DATA PROVIDED section start
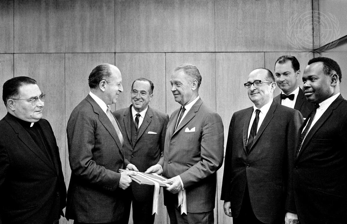 Foreign Minister of Sweden, Torsten Nilsson (centre right) deposits the instrument of ratification of the Protocol on Status of Refugees with Constantin Stavropoulos, UN Legal Counsel (centre left), in the office of the latter. At left, is Monsignor Alberto Giovannetti, Permanent Observer to the UN from the Holy See; at right, Marc Schreiber, Director, UN Division of Human Rights, and Capitaine Gilbert Bandio, First Secretary of the Permanent Mission of the Central African Republic to the UN.
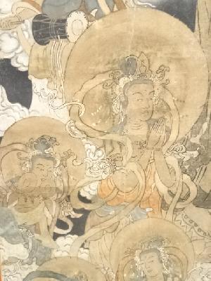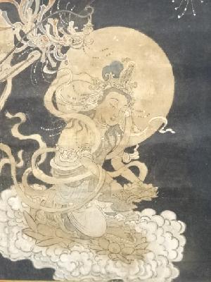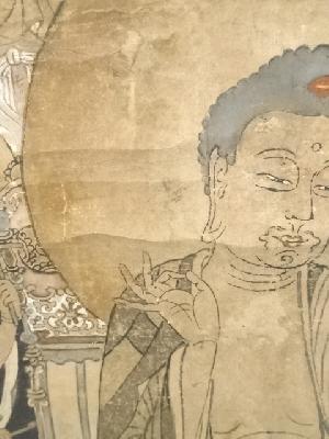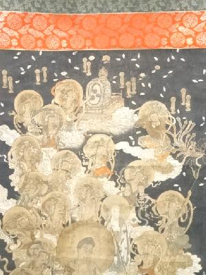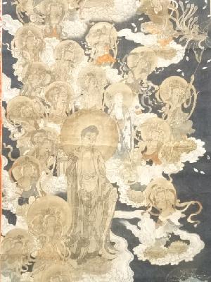 江戸時代 来迎図 木版彩色 紙本掛軸
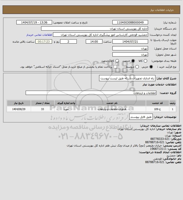 شرح کلی نیاز: راه اندازی تجهیزات شبکه طبق لیست پیوست
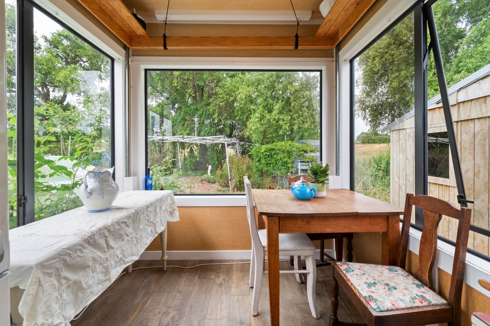 Currently, this property offers the ultimate opportunity to live off the grid in comfort, combining modern sustainability with rustic charm. Three 10 square-meter removable cabins offer comfortable spaces for bedrooms or work areas, plus a charming 14 square-meter tiny house on wheels equipped with a kitchen and bathroom for cozy living. Plus, everything is currently run on solar power stored in reliable batteries, with a backup generator for the winter months.
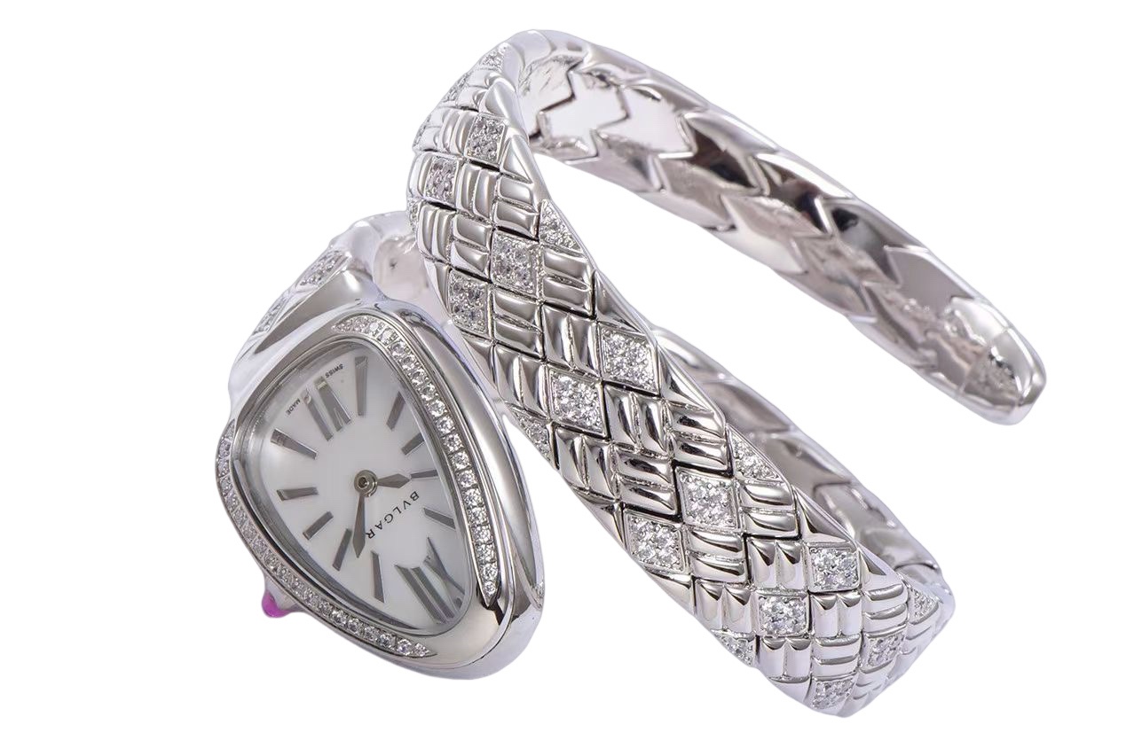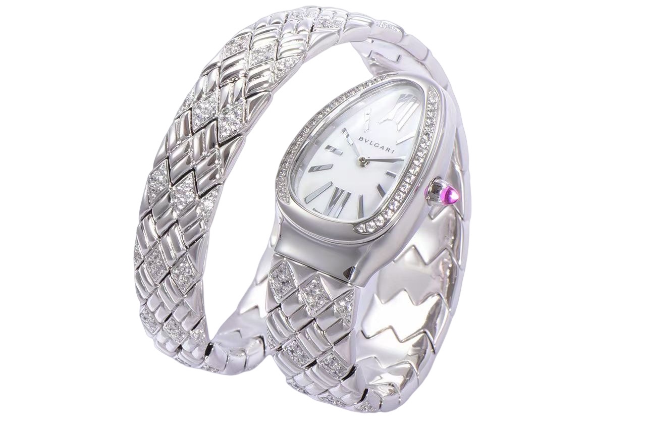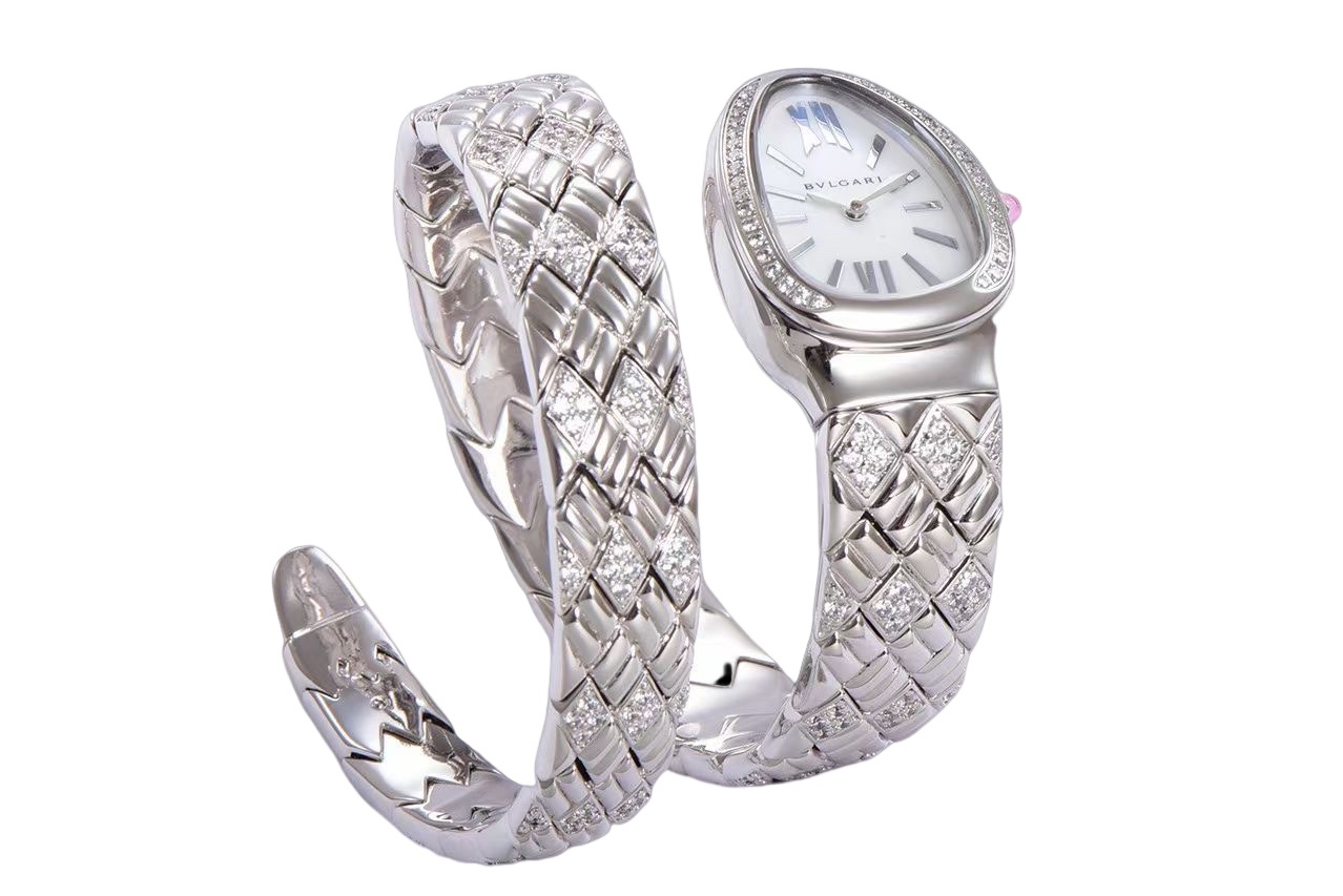 | BVLGARI Serpenti Spiga 35mm White Dial Steel Diamond Bezel Steel Diamond Strap 103749 Ladies Woman | |
DATA PROVIDED section end
No pictures belong in the answer. It must repeat exactly the lines from the line with "Currently, this property" through the final line of the records.

 Currently, this property offers the ultimate opportunity to live off the grid in comfort, combining modern sustainability with rustic charm. Three 10 square-meter removable cabins offer comfortable spaces for bedrooms or work areas, plus a charming 14 square-meter tiny house on wheels equipped with a kitchen and bathroom for cozy living. Plus, everything is currently run on solar power stored in reliable batteries, with a backup generator for the winter months.
 | BVLGARI Serpenti Spiga 35mm White Dial Steel Diamond Bezel Steel Diamond Strap 103749 Ladies Woman | |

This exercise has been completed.